Quel était l’objet de ces deux questions prioritaires de constitutionnalité
Les deux questions prioritaires de constitutionnalité, l’une transmise par le Conseil d’Etat, l’autre par la Cour de cassation, conformément aux dispositions contenues au sein de l’article 61-1 de la Constitution, intéressaient deux nouvelles dispositions insérées dans les articles 56-1 et 56-1-2 du Code de procédure pénale, telles qu’elles sont issues de la loi n° 2021-1729 du 22 décembre 2021 pour la confiance dans l’institution judiciaire. Les parties demanderesses contestaient plus spécifiquement la conformité de ces dispositions au regard des droits et des libertés garantis par le texte suprême.
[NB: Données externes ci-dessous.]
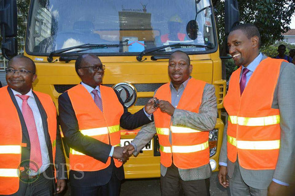 总督Mike Sonko及内罗毕交通局部长James Wainaina Macharia在清污车前合影(左2为部长James,右2为总督Mike Sonka)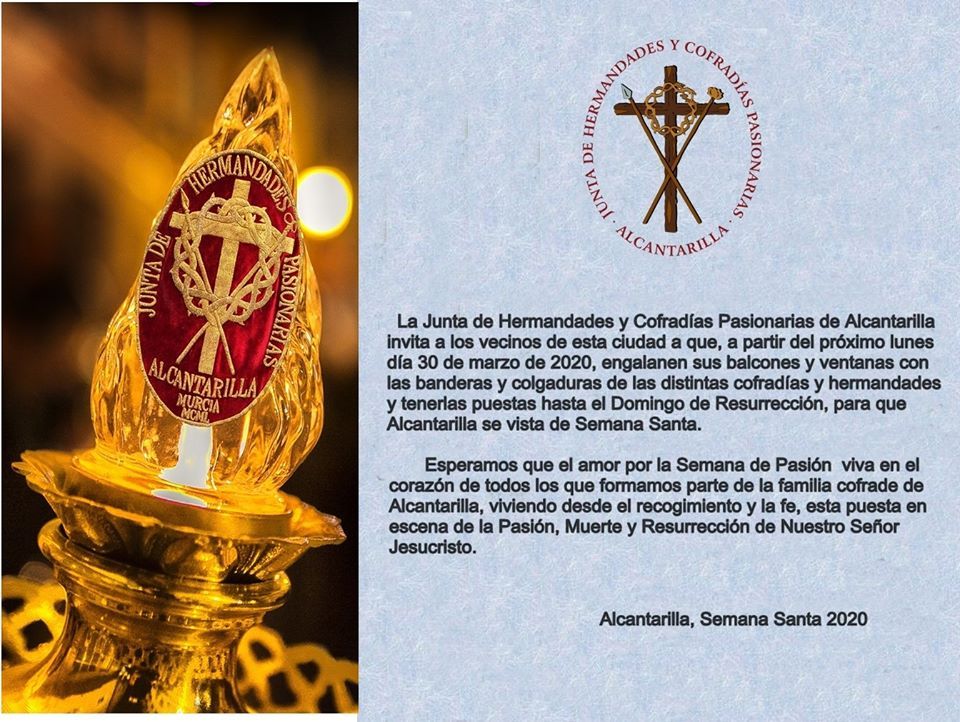 Mañana empieza la Semana Santa en nuestra ciudad y el Ilmo. Ayuntamiento de Alcantarilla quiere colaborar con la Junta de Hermandades y Cofradías Pasionarias en la retransmisión de todos los desfiles procesionales del pasado año. En la página de facebook del ayuntamiento.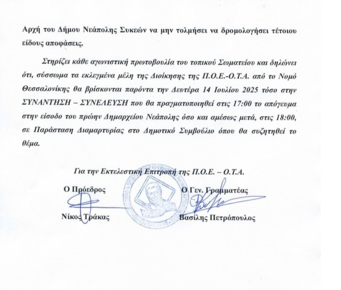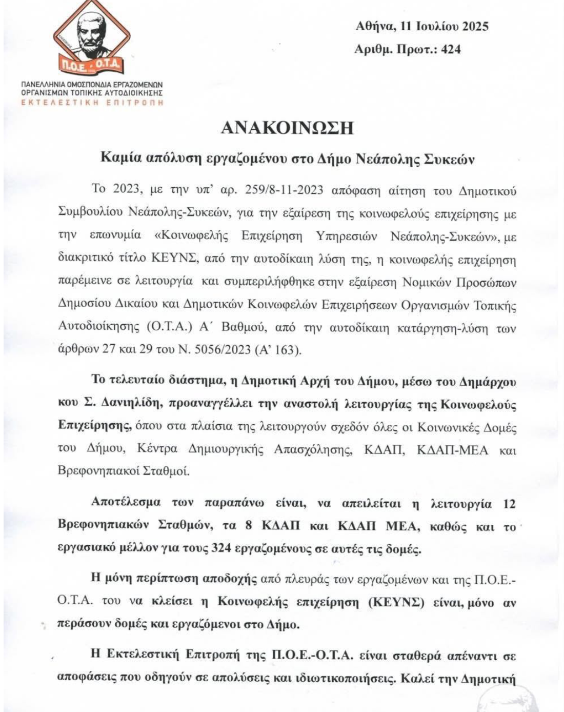 Η Εκτελεστική Επιτροπή της Πανελλήνιας Ομοσπονδίας Εργαζομένων Οργανισμών Τοπικής Αυτοδιοίκησης εξέδωσε ανακοίνωση στην οποία αναφέρεται ως πιθανή, απόφαση του δημοτικού συμβουλίου του Δήμου Νεάπολης Συκεών, για την αναστολή λειτουργίας της Κοινωφελούς Επιχείρησης, στα πλαίσια της οποίας, λειτουργούν σχεδόν όλες οι Κοινωνικές Δομές του Δήμου, δηλαδή τα Κέντρα Δημιουργικής Απασχόλησης (Κ.Δ.Α.Π.), Κ.Δ.Α.Π.- ΜΕΑ και οι Βρεφονηπιακοί Σταθμοί.

Ces deux questions ne sont cependant pas inédites ; en effet, d’autres questions du même ordre avaient déjà été posées aux sages du Conseil constitutionnel sans toutefois aboutir à la reconnaissance d’une non-conformité, comme tel est bien le cas dans le cadre de notre étude.Les articles 56-1 et 56-1-2 du Code de procédure pénale au cœur de ces deux QPC
Il convient en premier lieu de noter que ces dispositions critiquées sont issues d’un article de la loi susmentionnée et qui prévoit que le respect du secret professionnel de la défense et du conseil (le secret professionnel de l’avocat) se voit garanti dans le cadre de la procédure pénale dans les conditions qui sont explicitement prévues par le Code de procédure pénale. L’article en question modifie également les dispositions contenues au sein des articles 56-1 et 56-1-2 dudit code.Ces deux dispositions, entrées en vigueur le 1er mars 2022, prévoient, pour le premier, l’ensemble des conditions dans lesquelles il est possible de procéder à une perquisition dans un cabinet d’avocat ou bien une perquisition à son domicile privé, de même que l’ensemble des modalités précisant la saisie des documents ou objets qui s’y trouvent par les acteurs compétents. En effet il revient au magistrat dit « perquisitionneur » de s’assurer que les investigations qui sont effectuées à l’occasion de la procédure ne portent pas atteinte au libre exercice de la profession d’avocat et à ce qu’aucun élément inhérent à l’exercice du droit de la défense, document alors couvert par le secret professionnel, ne soit saisi ni placé sous scellé. Il est finalement indiqué dans ces dispositions que la présence du bâtonnier est exigée dans la mesure où la possibilité de contester la régularité de la procédure lui revient expressément devant le juge des libertés et de la détention.
Le second article prévoit, quant à lui, que le secret professionnel de l’avocat ne peut être opposable aux mesures d’enquête mais aussi aux mesures d’instruction dès l’instant où celles-ci sont inhérentes à certaines infractions (listées dans ces mêmes dispositions). Une exception est par conséquent instaurée par cet article.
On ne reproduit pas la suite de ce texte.